Al Trautwig: You’re my hero

My brother was telling me this story about how a while back, he and a group of his friends found themselves sitting next to a local television sports broadcaster at a bar. It was the guy who covers everything for New York’s MSG channel, providing commentary for the Knicks and the Rangers. I don’t even know who he is. I guess I could look it up. Hold on a second.

OK, that was a lot more complicated than I thought it would be, and I’m usually so good at the Internet. I typed in “MSG talent” into Google and was redirected to MSG’s Wikipedia page. I realized that, out of the twenty or so people on the list, I had no idea how I was going to figure out which one could be the guy my brother was talking about. So I just wound up texting my brother. OK, the guy’s name is Al Trautwig. I don’t know, I guess I’ve never heard of him either.

But that’s exactly the point of what I’m trying to write about here. This guy, Al Trautwig, probably has the best job on planet earth. He’s everything that I want to be in life. Not a sportscaster, no. I don’t know anything about sports. I’m just talking about job and status. He’s reached the perfect level of celebrity that a human being can ever hope to achieve. His ratio of celebrity to regular guy is so perfectly balanced that he is able to fully enjoy the very best that both worlds have to offer.

Let’s examine my brother’s run in. He and a group of friends were at a bar and they notice that they’re sitting close to Al Trautwig. Yes, the Al Trautwig. (Every time I type this guy’s name, I find myself switching back to my Web browser, just to make sure I’m getting the spelling right.) Somebody strikes up a conversation, “hey aren’t you Al Trautwig?” and Trautwig gladly takes the bait. The next thing they all know, Trautwig is holding court, fielding questions, providing off-the-record analysis. At the time, LeBron James was getting ready to leave Cleveland, and there were rumors mounting that he might come to New York. Trauwig’s alleged response, “I’m not going to start masturbating about it until I have some definitive evidence,” is probably one of the funniest answers to a question I’ve ever heard in my life. I hope it was off the cuff, but it was too spot-on. He probably had already used it like five times.

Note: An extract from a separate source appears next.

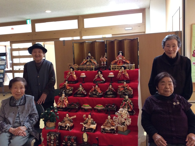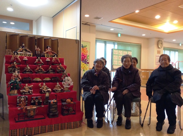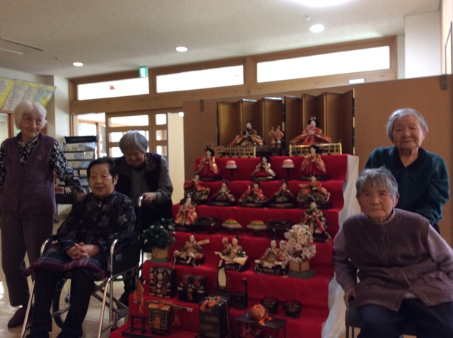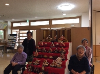 雛人形の前で写真を撮り、皆さん素敵な笑顔でした!おやつには、イチゴ・抹茶のババロアと甘酒を召し上がりました。行事ごとで季節感を感じていただきながら食事やおやつでもその季節のものを召し上がり、雰囲気を味わっていただければと思っております。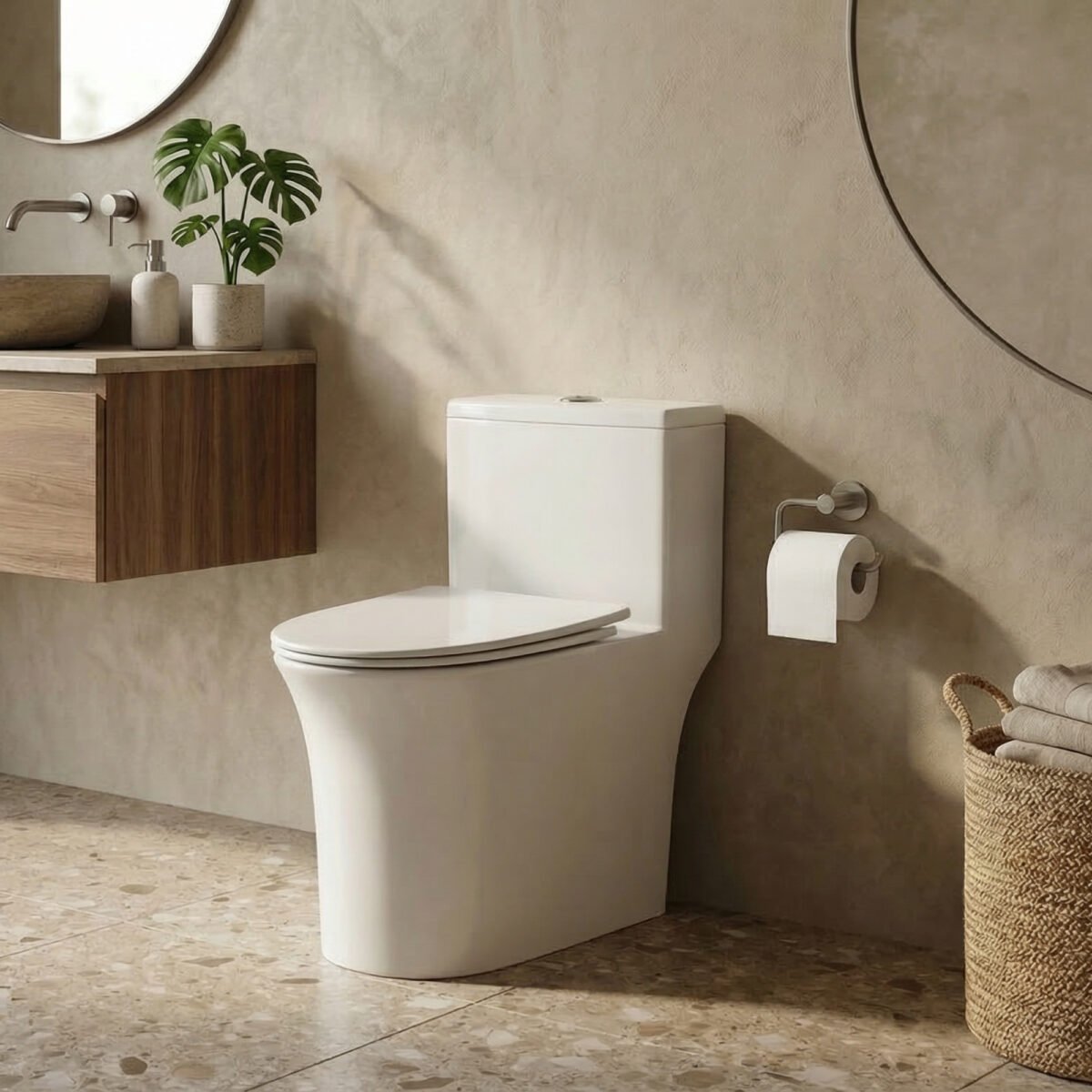 Toilette monobloc à double chasse d’eau fabriquée en porcelaine antimicrobienne, dotée d’une cuve allongée offrant confort et performance. Son système de chasse siphonique assure un débit d’évacuation de 4,0 / 6,0 LPF (1,06 / 1,6 gal US par chasse) et une performance MAP de 1000 g. Conçue pour une installation standard avec une distance du mur de 12 po, cette toilette convient parfaitement aux installations résidentielles. Elle est fournie avec un siège à fermeture lente ainsi que des cache-vis inclus pour une finition soignée. Dimensions hors tout : 65 cm (L) × 37,5 cm (l) × 68,5 cm (H). Conforme aux exigences ADA, avec une hauteur de siège de 42 cm du sol.

I want to be Al Trautwig. He’s got it absolutely made. He can live his life like a regular guy, but he’s also on local TV, and every now and then somebody’s going to recognize him and he’s instantly going to be elevated to the level of (minor) celebrity. He’s just famous enough that he’ll get attention to the point where it’s still flattering, and not a life-altering nuisance. Can you imagine if you wound up sitting at a bar next to Tom Hanks? It would never happen, because Hanks isn’t a regular person. If he tried to go to a bar, he’d be bombarded by hundreds of star-struck fans coming up to him and saying inane stuff like, “Wow. You’re so famous. I love your work.” And Hanks would have to politely respond, “Gee, thanks a lot. I’m glad you’re enjoying it. OK. Bye.” And, thanks to all of the commotion, there would probably be a huge line out the door, making it really inconvenient for anybody to even so much as get a drink or just enjoy the night. People would start to resent Tom Hanks, growing more and more jealous of the crowd of people clamoring to hopefully, to maybe have just one moment with him. Eventually Hanks would give up on his night out, glancing towards his cranberry and vodka, realizing that he’s already spent so much time greeting the public that he didn’t get to even take a sip of his drink, and now the ice has all melted anyway. He’d settle up his tab and have his personal assistant call his chauffer and on the way back to his mansion he’d sit in the back of the car, looking out the window at all the regular people living their lives, interacting amongst each other, and he’d think to himself, “Where did it all go so wrong?”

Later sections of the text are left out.